I would check the fuel pressure regulator. Take the vacuum line off the regulator. If it smells of gas, the regulator is leaking.

Check prices for parts. I buy a good bit from Rock Auto. But comparison shopping online will save you money.
 
Welcome to TRS :)

Good pages to bookmark: https://www.therangerstation.com/tech_library/index.shtml

And: https://www.broncocorral.com/tech_library/

You have a 2.9l V6 engine, and an A4LD automatic transmission in your 1990 B2, Rangers used the same setup in the same years
Is it a 2WD or 4x4?

High idle or REVing could be as simple as a Vacuum leak, an old hose has cracked and is leaking
That would cause engine light(CEL) and Lean Code
All gasoline Engine RPMs are controlled by air flow, that's what the throttle plate does, you open it and RPMs go up, close it and they go down, not an old or new thing, been that way since the first gasoline engine in 1890's
So the small right hand pedal in the cab is an AIR Pedal, not really a "gas" pedal :)
If you just add more fuel you get a flooded engine not higher RPMs, lol
A vacuum leak is by passing the throttle plate, adding more air so RPMs go up while throttle is still closed

You can inspect the hoses and look for problems, maybe a hose even came off
There is a Vacuum manifold on upper intake drivers side, follow the Power Brake booster hose, and check it, to this vacuum manifold
There will be several vacuum hoses connected there, follow each one to its devices or devices(T's on the hose)

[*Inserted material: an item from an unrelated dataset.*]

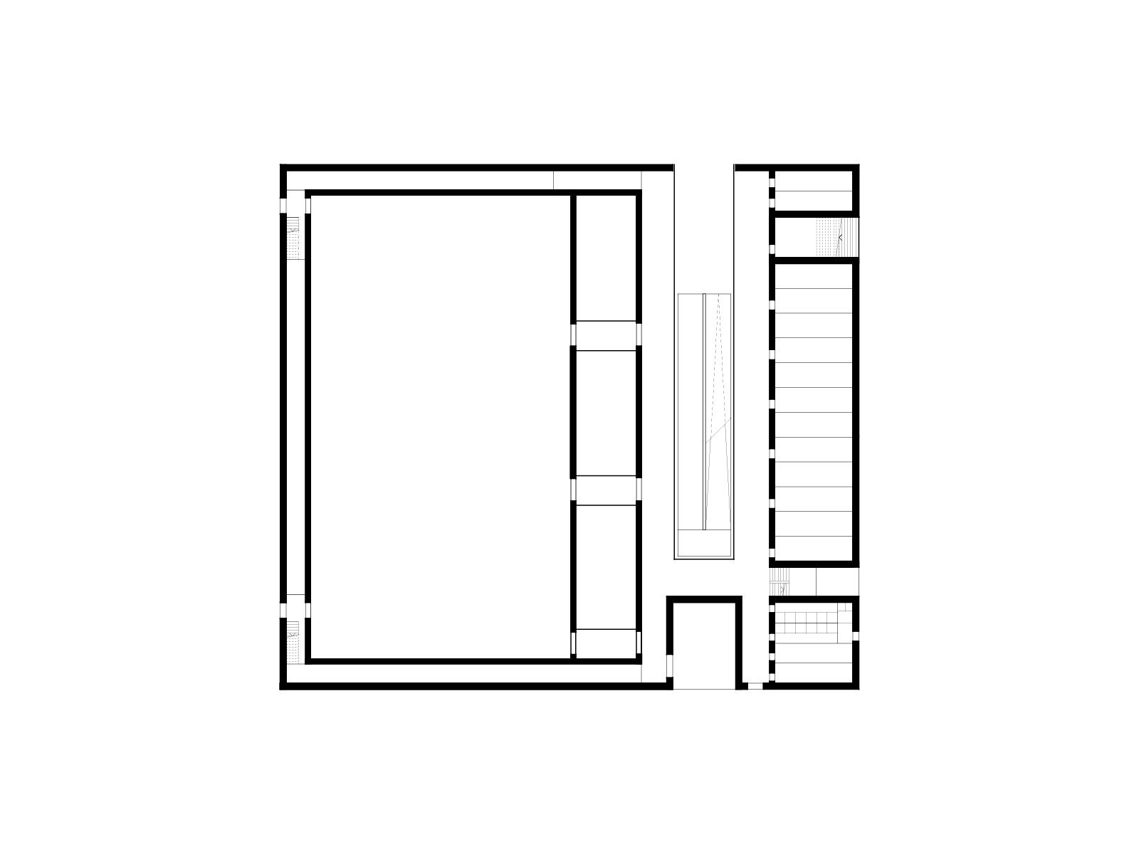 Through this intervention, the main building, the ancillary building, and the new basement are merged into one unit, while at the same time, the independent expression of the individual parts is strengthened.

Another larger vacuum hose is for the PCV Valve, Valve is located on the top of the drivers side valve cover, has a larger rubber hose attached, check it, this PCV Valve should be replaced every 3 or 4 oil changes

There is a spring on the throttle plate that holds it closed, if it gets loose or breaks then higher RPMs as thottle is pulled open

There is an IAC(idle air control) Valve near the throttle, its an air valve the computer uses to set idle RPMs, its possible for it to fail open, this would cause high RPMs, the 1,500-2,000 area if you have a tachometer

Fuel pump wouldn't cause high RPMs, not sure what they were thinking
Or a dirty fuel filter

Failing or clogged Cat converter would cause loss of power, not higher RPMs

Find another shop
Reminds me of a funny line in several movies and TV shows
"A friend recommended you"

"you just 'think' he's your friend, he's not if he recommended me"
 
Last edited:
Welcome to the site. Lots of good folks on here and they won't steer you wrong.
 
My two cents. Buy an ODBI code reader and a vacuum gauge.
The code reader will tell you why the check engine light is on.
The vacuum gauge is a great diagnostic tool.
As said above, this sounds like a vacuum leak.
Get on YouTube and look for videos showing how to find vacuum leaks, it is not hard to do.
 
X2 on the fuel pressure regulator. Not an expensive part and very easy to replace. But, as you can tell from all the good advice above, cars are complicated, it would be good to have someone with experience assist 'on the spot'.
 
Chloe,

Pull the trouble codes.

Definitely look for a vacuum leak, replacing all your vacuum lines may cost about $20 ..)

The check engine light will turn on every equivilent of 50,000 engine miles. It is computed by the computer and it's intent is to alert the operator to install a new catalytic converter...is doesn't mean that you need one. Solution is to reset the computer to clear it (if that's why it's on).

To reset your computer, you simply disconnect the negative battery terminal for 5 minutes (do it for 10 minutes).